I'm all for sound scientific methods, but when patients are suffering, and time isn't on their side, governments need to accelerate the treatment of this disease. MS is the leading cause of neurological disorders among young adults. Canada has one of the highest incidence in the world. The social and economic cost of the disease is huge. Of course, a revolutionary treatment for MS will upset Big Pharma, but who cares? Even if 10% of MS patients find some benefit with this new treatment, it's worth funding it.
Finally, I can't overemphasize the importance of taking large doses of vitamin D, especially if you suffer from chronic diseases. It's interesting to note that scientists researching the sunshine vitamin are so convinced of its benefits they’re popping far more than the recommended amounts.

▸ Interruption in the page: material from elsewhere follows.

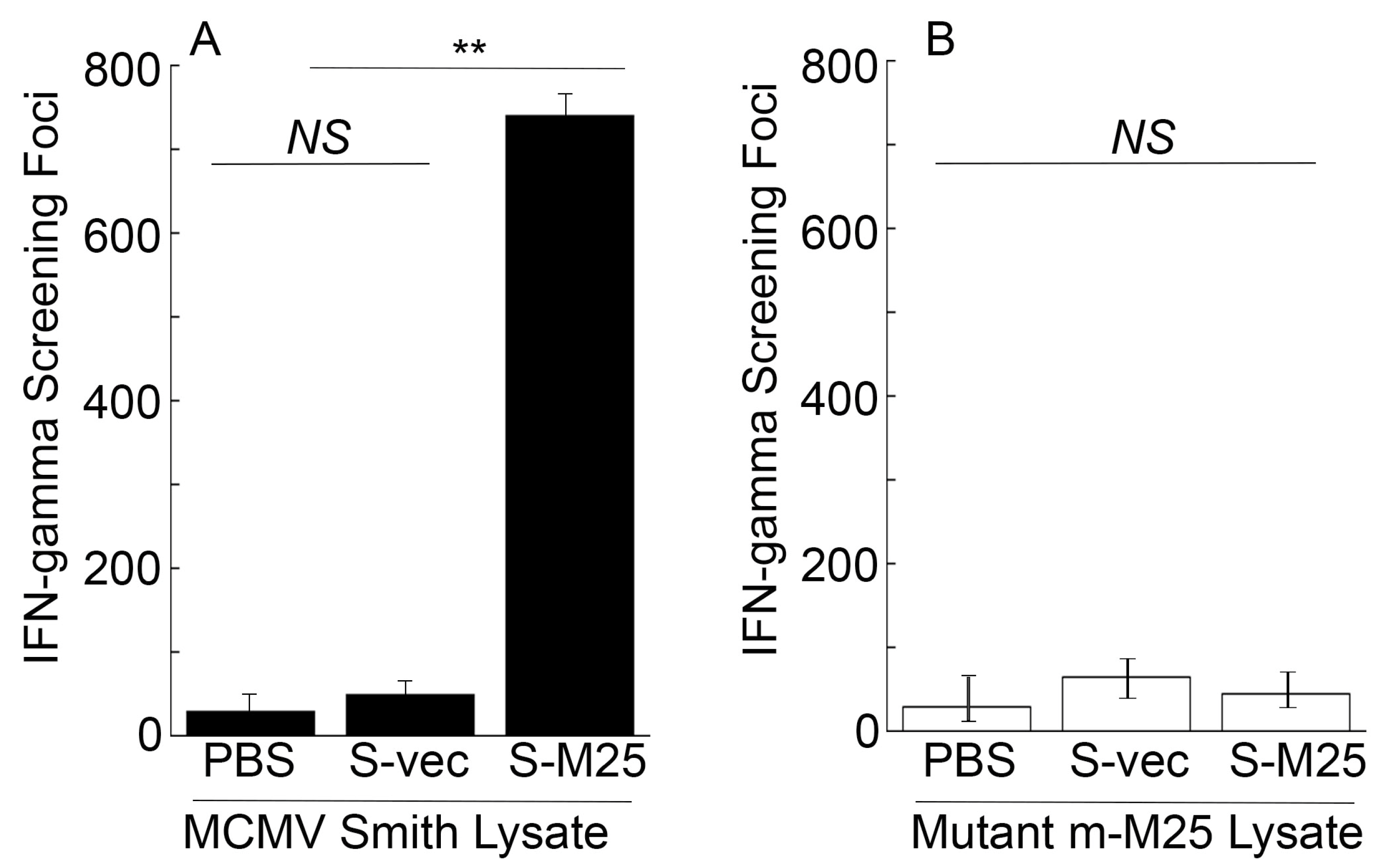 To assess the T cell responses elicited by the vaccines, splenocytes were collected from mice 42 days post-immunization and allowed to react with the Smith-infected and m-M25-infeced cell lysates. In experiments with the Smith-infected cell lysates, we observed about 80 times higher anti-MCMV IFN-γ-producing T cell responses in mice vaccinated with S-M25 than those vaccinated with S-vec (Figure 4A). On the contrary, we observed little anti-MCMV T cell response in all vaccinated mice in experiments with the m-M25-infected cell lysates (Figure 4B). Thus, vaccine S-M25 appeared to elicit M25-specific T cell responses.

I am up to 20,000 IUs a day, which I've been taking for several months now in the form of vitamin D liquid drops every morning in a glass of water (each drop is 1,000 IUs) and feel great (talk to your physician before increasing your uptake). My disease has progressed extremely slowly over the last 13 years, but it has progressed. And I've particularly been through a lot of personal hardship over the last four years, things I wouldn't wish on my worst enemies, but it has made me a lot wiser and a lot stronger. "Persevere no matter what" is what I keep telling myself every day. There is hope, and no matter how bad it gets, there are people out there suffering a lot worse things in life.
I leave you with a presentation from Dr. Michael Dake, a professor at the Department of Cardiothoracic Surgery at Stanford University's School of Medicine. There are two parts, both worth watching. As we move into 'post-liberation' politics, many MS patients should finally get the answers they're looking for and hopefully for many of them, the quality of their lives will drastically improve.